What? Since when did “the market” do her payroll budget for her? How did a drop in share value affect sales and revenue? Were they honestly counting on further investment, or a secondary offering, to make their numbers? Obviously so.

The market is only reacting to, and punishing executives for, their stupid naive belief that they could continue ad infinitum without any signs of trending towards profitability or even sustainability. The prevailing philosophy in the dot com business over the last two years seems to have been that they could essentially write-up investment as revenue — that’s the funny accounting that has kept them deceptively healthy all along.

The death of each wacky dot com is clearly just the evolution of a bad idea with poor execution heaped on top. Nothing more. No company exhibits that more brilliantly than idealab.com, which is presently floundering as a result of a fairly liberal diffusion of cash to wacky startups like firstlook.com, which evidently don’t even have a hope of sustainability. Their future was built on an illusion, and that illusion was dependent upon a never-ending succession of fools and their investment money — well, guess what? The number of people on this planet is finite, and so is their wealth. The NASDAQ is not a money machine.

And as these execs sit among the ashes of their crappy companies in the dot com junkyard, the only focal point they can find for their utter failure (apart from themselves) is “market sentiment”. Sorry Gardens.com… that billboard you’ve had on the 101 in Redwood City for the last 2 years costs $100K a month. How many of the employees that you recently laid off would that have paid for?

What a swindle. These execs attempted to pull off a scam and they hadn’t finished before the loophole closed. The Venture Capitalists made out like bandits, funding companies early and taking profits on the IPO — who gets left holding the bag are people.

People like the bartender I met in Whistler who prodded me for stock tips last winter because her RRSP was “under-performing”, or the retired couple I met on a plane to San Francisco one day who bought into all of the hype and plunked all of their savings into eBay stock, only to watch it rise and fall. Those people ARE “the market” and their sentiment is PISSED OFF. Rightfully so, too.

These people were told to ignore the obvious and succombed to the very human trait of greed, looking to get ahead quickly. After all, all those rich punks in Silicon Valley had to be on to something, right? What they didn’t realize was that all of those Ferraris, BMWs, and Atherton estates were paid for by THEM. Those bartenders, retirees, auto mechanics, and waitresses were the money machine, and the veritable end-of-the line as far as wealth was concerned.

In Canada we saw what happened to the BRE-X fiasco executives. They were fined and brought to trial on fraud charges. BRE-X was a gold mining company that went public and brought down the entire industry when it was finally revealed that there was no mine, and no gold. This is a wonderful allegory for the dot com craze.

So, then, why should some of these dot coms be any different?
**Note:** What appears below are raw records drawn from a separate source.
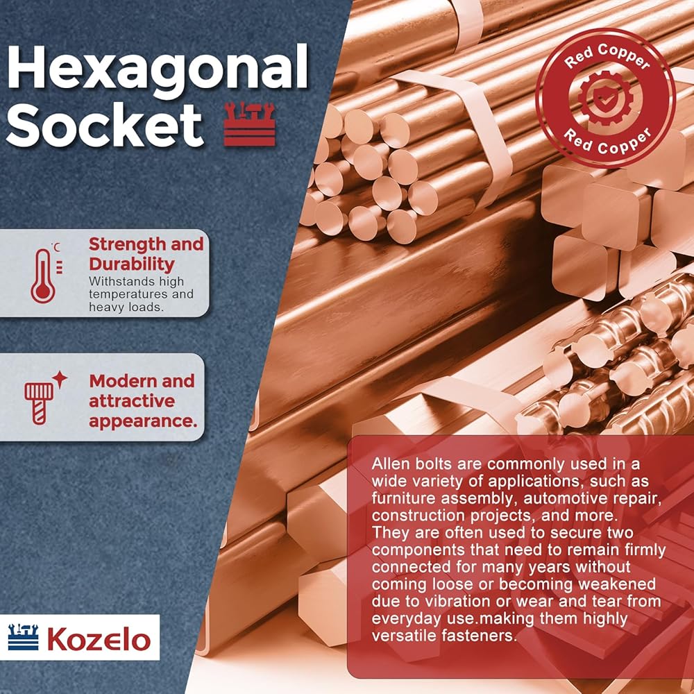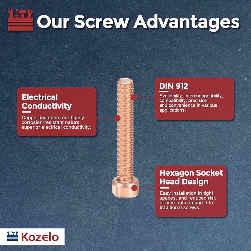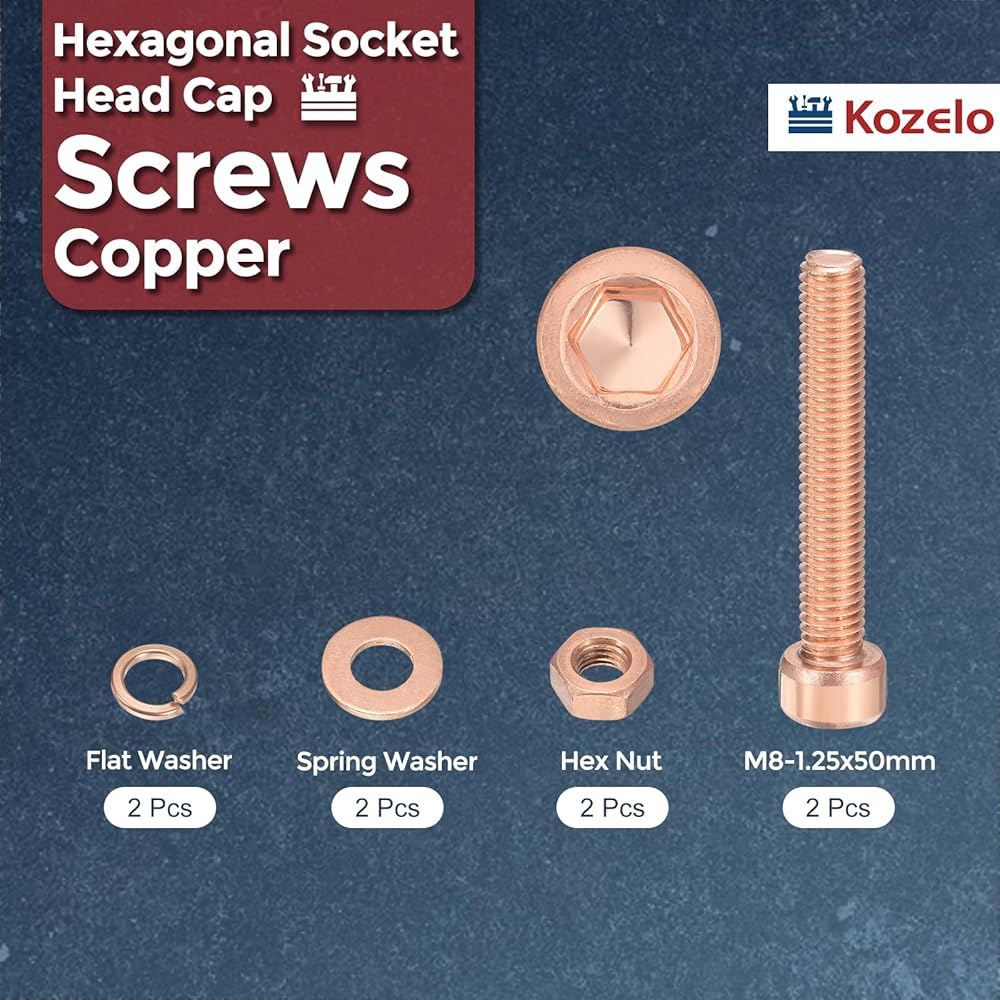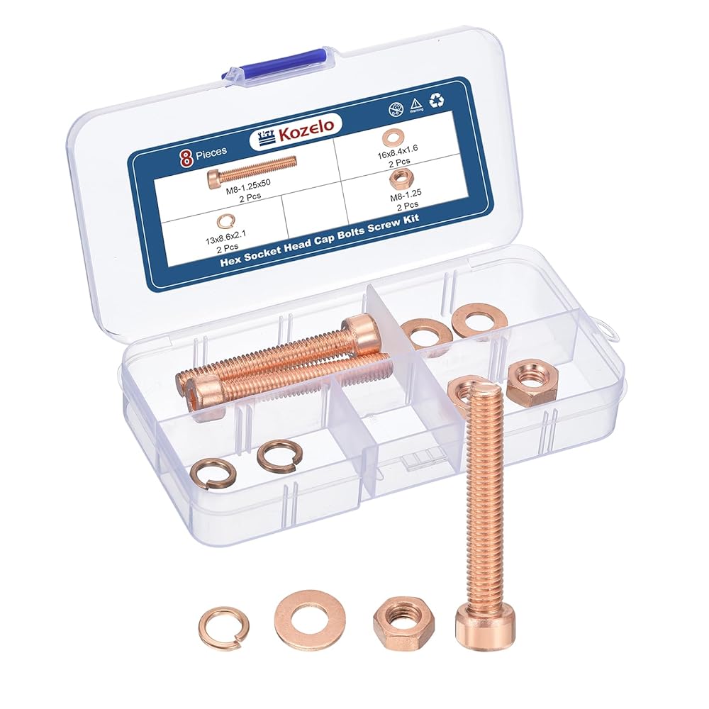 8 قطعة M8 مقبس غطاء الرأس مسامير البراغي والصواميل مجموعة متنوعة - [M8-1.25x50mm] برغي سداسي من النحاس الأحمر ملولب بالكامل لاستخدام الطابعة ثلاثية الأبعاد
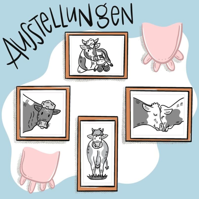 Illustrationen für die Kategorien beim it’s cowtime Shop und auf der Homepage.
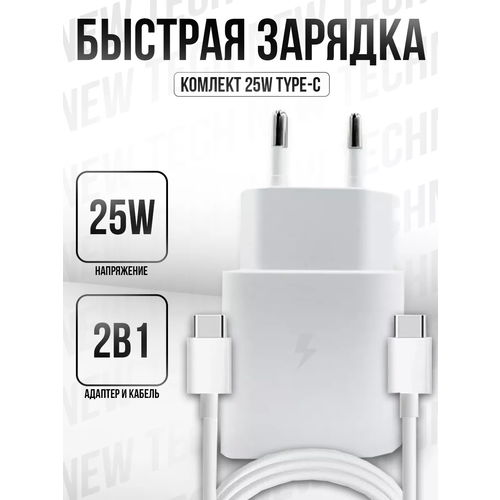 Быстрое сетевое зарядное устройство 25W для Samsung / кабель Type-c в комплекте / Белый
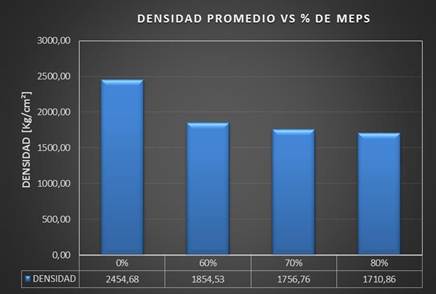Para la dosificación C con un 70% de MEPS se determinó según los ensayos en el laboratorio que cumple con la resistencia compresión de 17,25 Mpa y una resistencia a la tracción de 1,76 Mpa, con una densidad inferior a 1800 kg/m³.
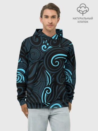 Худи мужской база хлопок / Лазурные листья
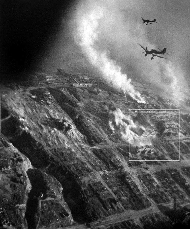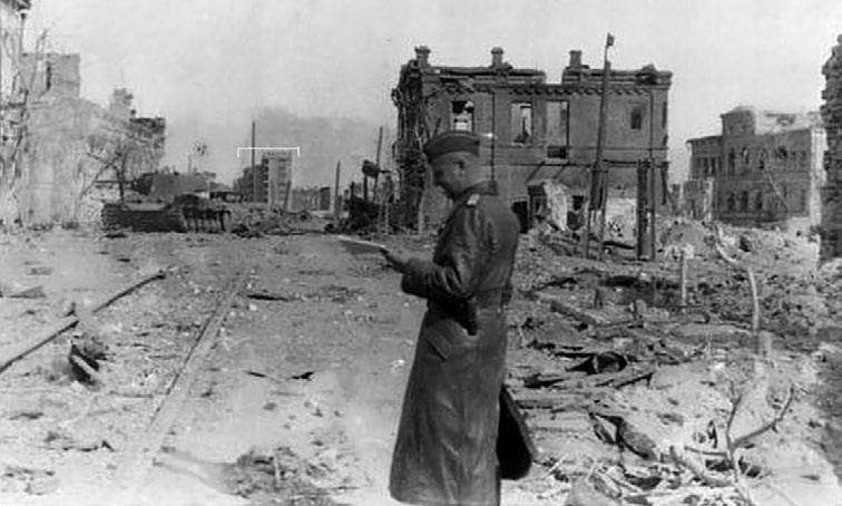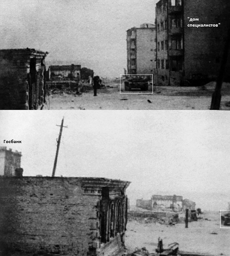 На фото хорошо виден «г-образный дом» (у немцев L-образный), справа недостроенный «дом железнодорожников», ниже через улицу Пензенскую – школа № 38. За здания три месяца подряд шли кровопролитные бои и в начале декабря после двухдневного боя гвардейцы Родимцева наконец захватили эти немецкие опорные пункты

They amassed dump trucks full of wealth and burned it to chase after no gold. Perhaps the difference is that the vast majority of dot com executives, through naivety, ignorance, stupidity, and inexperience actually believed what they were selling.

So, if not them then who? Caveat Emptor or Caviat Venditor?

To answer the question I’ll pose another one:

Who knowingly gave these bad ideas life through early investment, who carried them through to the IPO, and then ran away with 800% profits?

And where are those people now that these ideas that they supposedly bought into need “further funding” to come to fruition?

Any guesses?

-Ian.

—- Monday October 16 09:00 AM EDT Catchy domain names lose their luster

By Cecily Barnes, CNET News.com

Pat Patten vividly remembers negotiating for the domain name Jewelry.com in October 1999, before the launch of his online jewelry site. Although he and his partners had purchased Netjewelry.com as a backup, he really wanted “jewelry.”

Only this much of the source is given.